"Stop mythologizing the past. The golden age we dream of is only in the future--and only achievable by moving forward."
While I agreed with his general sentiment, I disagreed with the generalization, and said so. This sparked some debate with other followers that I thought I'd try to capture and clarify, here.
In my reply, I pointed out that some areas, such as personal electronics, seem to be on an escalating trajectory of improvement that is bringing increased quality of life to vast numbers of people. However, at the same time we have substantial changes to established areas which are profoundly negative. For example, food and music are two art forms that used to be taught pervasively and are now taught to a shrinking minority of enthusiasts. As the public becomes less educated about these art forms, the pinnacles of experimentation and exploration in these arts will diminish. It's not that there won't be great musicians and cooks, but overall we'll produce fewer of them, making fewer advances to the state of their respective arts.

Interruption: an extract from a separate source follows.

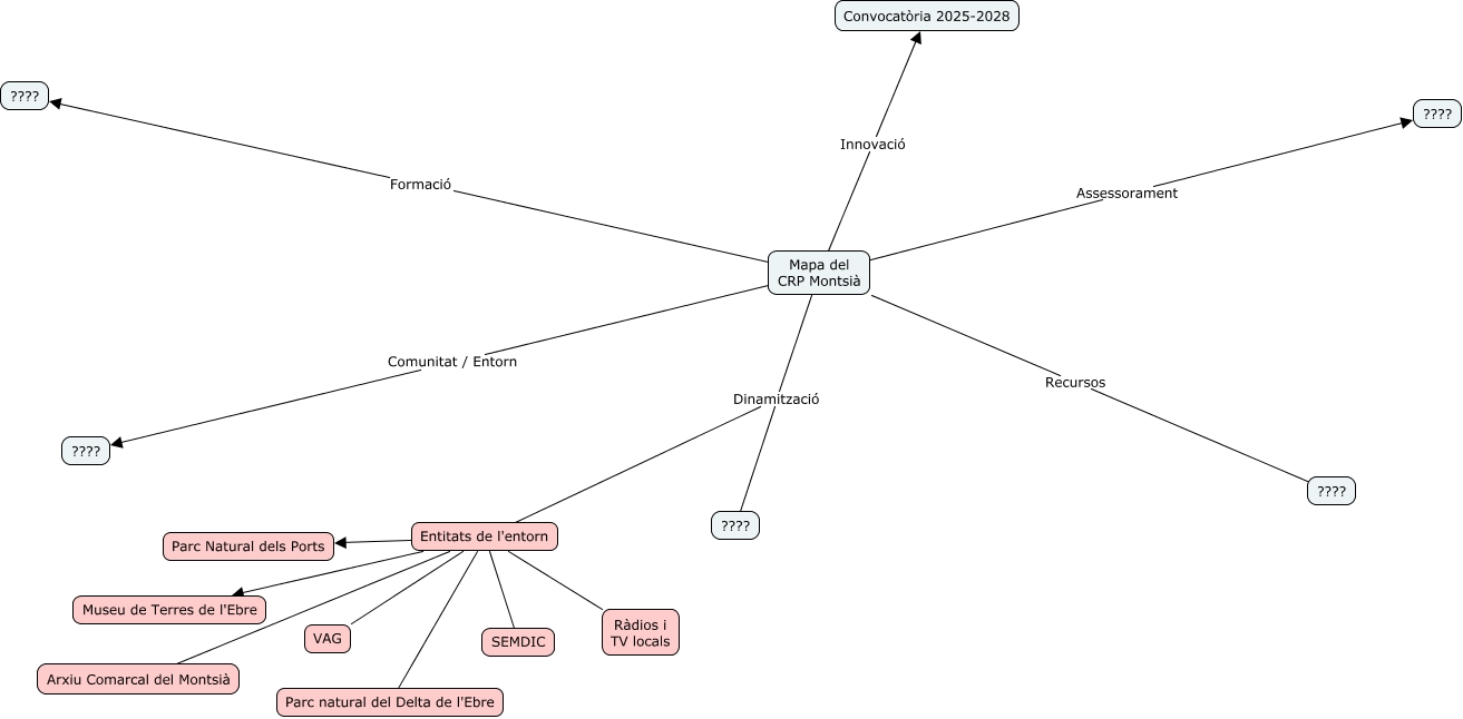 Aquest mapa conceptual conté informació relacionada amb: Mapa CRP, Entitats de l'entorn Museu de Terres de l'Ebre, Mapa del CRP Montsià Innovació Convocatòria 2025-2028, Entitats de l'entorn SEMDIC, Mapa del CRP Montsià Recursos ????, Mapa del CRP Montsià Dinamització ????, Mapa del CRP Montsià Dinamització Entitats de l'entorn, Entitats de l'entorn VAG, Mapa del CRP Montsià Assessorament ????, Mapa del CRP Montsià Comunitat / Entorn ????, Entitats de l'entorn Ràdios i TV locals, Entitats de l'entorn Parc natural del Delta de l'Ebre, Entitats de l'entorn Parc Natural dels Ports, Mapa del CRP Montsià Formació ????, Entitats de l'entorn Arxiu Comarcal del Montsià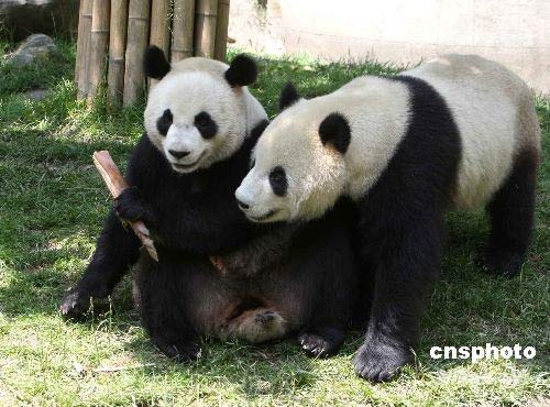 5月23日,準(zhǔn)備贈(zèng)送給臺(tái)灣的大熊貓團(tuán)團(tuán)和圓圓,在四川汶川大地震后的臥龍大熊貓保護(hù)區(qū)內(nèi)無憂無慮地戲耍。中新社發(fā) 任晨鳴 攝

In fact, I think it's safe to say that the golden age of food was either the 19th or 20th centuries, depending on the part of the world you are looking at, and it's likely that the 21st century won't make the same inroads except in less developed nations where the majority of the population still prepare most of their own meals in the home, and thus continue to share and teach their techniques as a cultural heritage.
For music, I think that the problem is not as uniquely tied to the developing world, but the real source of experimentation will certainly stem from cultural blending the way it always has, especially in the folding of Asian, Middle Eastern, African and South American music into the global culture (a process which began in earnest in the mid-1960s and continues to this day).
So, there are still good times ahead, but when you over-generalize about a "golden age" I think you're always likely to be wrong at some level (probably many).